“Domenico Bardari prefetto di Cagliari (1880-1883)” di Donato D’Urso
Domenico Bardari era nato in Calabria, a Pizzo, il 6 dicembre 1836, figlio di Giuseppe e Carlotta Salomone. Il genitore, di sentimenti liberali, fu destituito dalla magistratura napoletana per la condotta tenuta durante il moto rivoluzionario calabrese del 1848. Domenico studiò a Monteleone nel Collegio Vibonese, poi giurisprudenza a Napoli, dove ebbe modo di frequentare gli ambienti anti-borbonici, i quali si tenevano in contatto col marchese di Villamarina rappresentante diplomatico del regno di Sardegna.
Da giovane Domenico Bardari manifestò passione per la letteratura, tanto da scrivere il romanzo storico Anton Centeglia, ambientato nella Catanzaro del XV secolo. Fu profondo conoscitore delle lingue classiche ma anche moderne, in particolare il tedesco. Avviatosi alla professione legale, fece pratica nello studio dell’avvocato pugliese Liborio Romano, insieme col quale pubblicò memorie defensionali [1]. Nell’estate del 1860, dopo lo sbarco di Garibaldi in Sicilia, Liborio Romano divenne ministro [2], Giuseppe Bardari – genitore del Nostro – prefetto di polizia e Domenico (che aveva solo 23 anni) sottintendente a Larino in Molise.
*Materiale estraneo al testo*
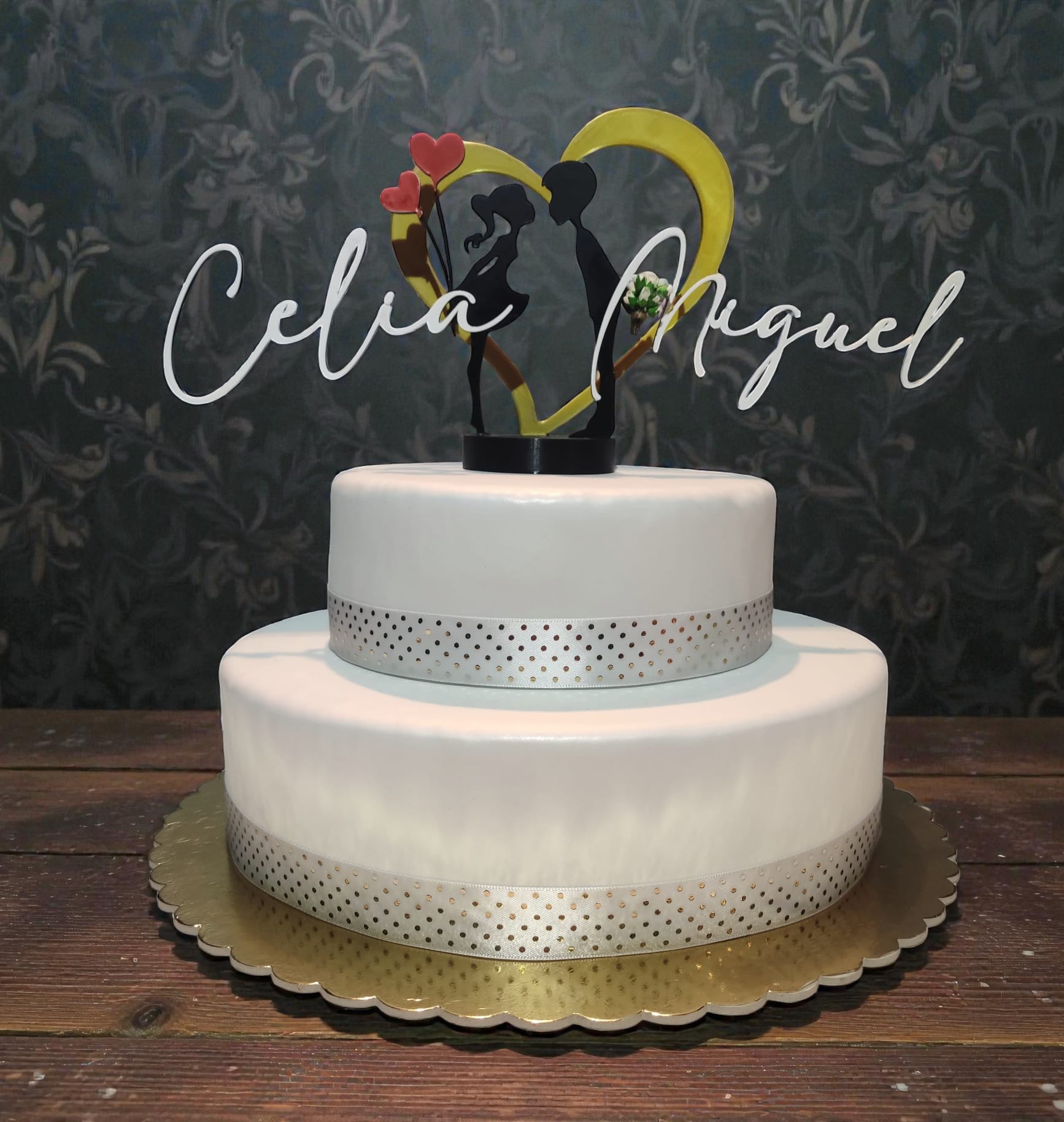 Añade un toque único y elegante a tu pastel de boda con este topper personalizado, diseñado y fabricado mediante impresión 3D. Cada pieza se realiza bajo pedido con el nombre de los novios, sus iniciales o el texto que elijas, creando un detalle totalmente exclusivo.

Lì appoggiò le forze liberali, contrastando i “reazionari”.
Nell’amministrazione italiana prestò servizio a Palmi, Castroreale, Lagonegro, Siracusa, Udine. Ebbe caro amico il conterraneo Giorgio Curcio e pubblicò studi giuridici sotto forma di lettere indirizzate allo stesso Curcio [3]. Questi ne tracciò così l’elogio funebre:
Sprezzò i facili trionfi e la popolarità procurata con le arrendevolezze, le concessioni, le transazioni, le blandizie, sia verso i prepotenti, sia verso la plebe, sia verso i falsi tribuni. Sicché qualche volta fu ritenuto uomo troppo severo, mentre non era che giusto e scrupoloso nell’adempimento dei doveri [4].
Nel maggio 1876, a 40 anni e dopo solo sedici di servizio, fu nominato prefetto e destinato a Trapani. Vi rimase sino al maggio 1877 quando passò a Belluno. Dopo sei mesi fu mandato a Benevento, poi a Cosenza, infine a Cagliari nel luglio 1880.
Nelle varie sedi, i contemporanei, pur riconoscendone doti intellettuali e competenza amministrativa, ne criticarono il carattere spigoloso e la ritrosia a fare vita sociale, in un tempo nel quale i salotti prefettizi svolgevano un ruolo fondamentale, come luogo di ritrovo degli ottimati. Bardari tenne quel comportamento anche dopo il matrimonio con la partenopea Almerinda Di Napoli, di venti anni più giovane. Dopo la morte, un giornale sardo scrisse: «Il comm. Bardari aveva, qui a Cagliari, pochi amici. Ciò dipendeva in parte dal carattere suo burbero; in parte dalla maniera sua di vivere isolato» [5]. Si chiuse nella “rocca del palazzo” e non uscì che raramente mancando persino, e ciò fu commentato negativamente, di ricambiare le visite di cortesia.
Trascorse nell’isola un periodo travagliato e rimase coinvolto nella lotta tra i notabili Francesco Salaris e Francesco Cocco-Ortu. Il primo era stato assessore nella giunta guidata dall’avvocato Salvatore Marcello, fu a lungo presidente del consiglio provinciale e, alla Camera, conquistò il seggio di Nuraminis dal 1861 al 1882, poi quello di Cagliari [6]. Cocco-Ortu fu ininterrottamente deputato dal 1876 al 1924, sindaco di Cagliari nel 1883, più volte ministro [7].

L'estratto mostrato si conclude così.